Dataset excerpt
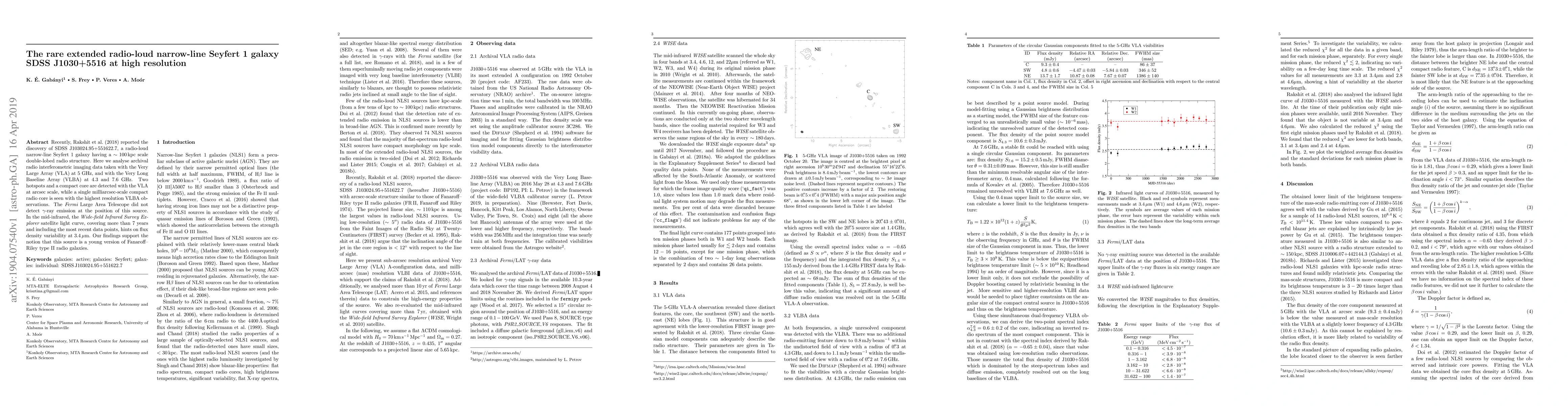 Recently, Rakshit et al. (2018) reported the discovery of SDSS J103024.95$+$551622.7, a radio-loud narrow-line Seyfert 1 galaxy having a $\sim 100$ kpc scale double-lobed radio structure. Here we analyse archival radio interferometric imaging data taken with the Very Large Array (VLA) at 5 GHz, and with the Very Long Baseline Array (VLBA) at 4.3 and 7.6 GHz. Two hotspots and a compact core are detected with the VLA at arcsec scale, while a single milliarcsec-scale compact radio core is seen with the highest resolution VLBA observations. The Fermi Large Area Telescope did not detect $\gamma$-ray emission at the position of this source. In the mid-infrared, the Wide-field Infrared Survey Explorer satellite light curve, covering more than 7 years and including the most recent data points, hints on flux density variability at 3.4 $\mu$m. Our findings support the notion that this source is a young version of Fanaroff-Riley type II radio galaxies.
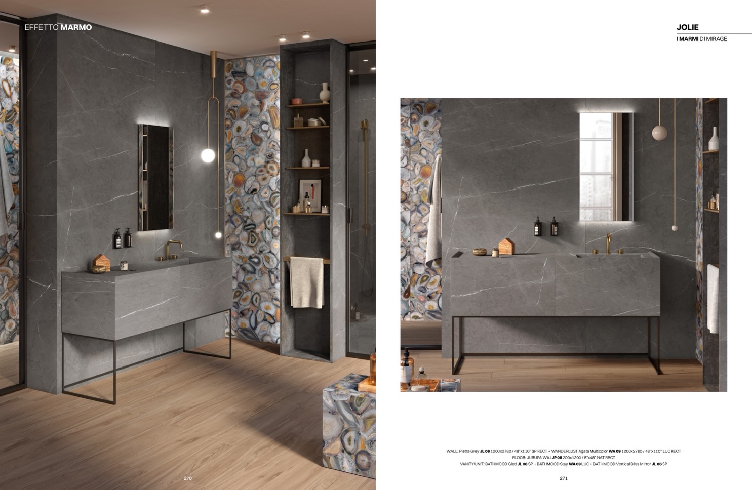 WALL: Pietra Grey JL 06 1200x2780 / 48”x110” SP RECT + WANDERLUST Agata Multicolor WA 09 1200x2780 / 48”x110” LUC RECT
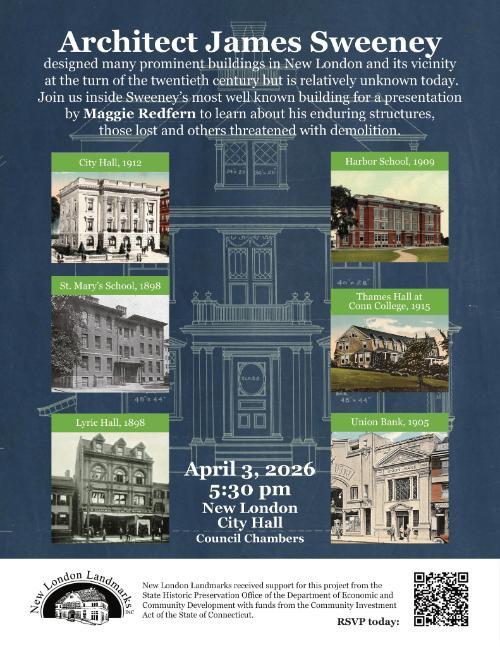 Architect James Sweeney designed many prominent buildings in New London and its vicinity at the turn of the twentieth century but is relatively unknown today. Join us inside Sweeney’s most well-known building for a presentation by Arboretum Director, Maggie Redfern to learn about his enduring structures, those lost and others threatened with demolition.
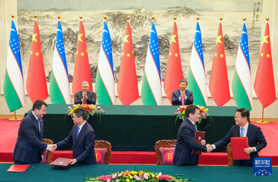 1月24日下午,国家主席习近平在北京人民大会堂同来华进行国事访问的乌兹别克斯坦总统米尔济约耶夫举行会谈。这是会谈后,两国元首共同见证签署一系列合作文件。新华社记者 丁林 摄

Problem statement
Leaving out all pictures, retype exactly the lines that run from the one containing "Architect James Sweeney" through the last line of the material.

Task output
 Architect James Sweeney designed many prominent buildings in New London and its vicinity at the turn of the twentieth century but is relatively unknown today. Join us inside Sweeney’s most well-known building for a presentation by Arboretum Director, Maggie Redfern to learn about his enduring structures, those lost and others threatened with demolition.
 1月24日下午,国家主席习近平在北京人民大会堂同来华进行国事访问的乌兹别克斯坦总统米尔济约耶夫举行会谈。这是会谈后,两国元首共同见证签署一系列合作文件。新华社记者 丁林 摄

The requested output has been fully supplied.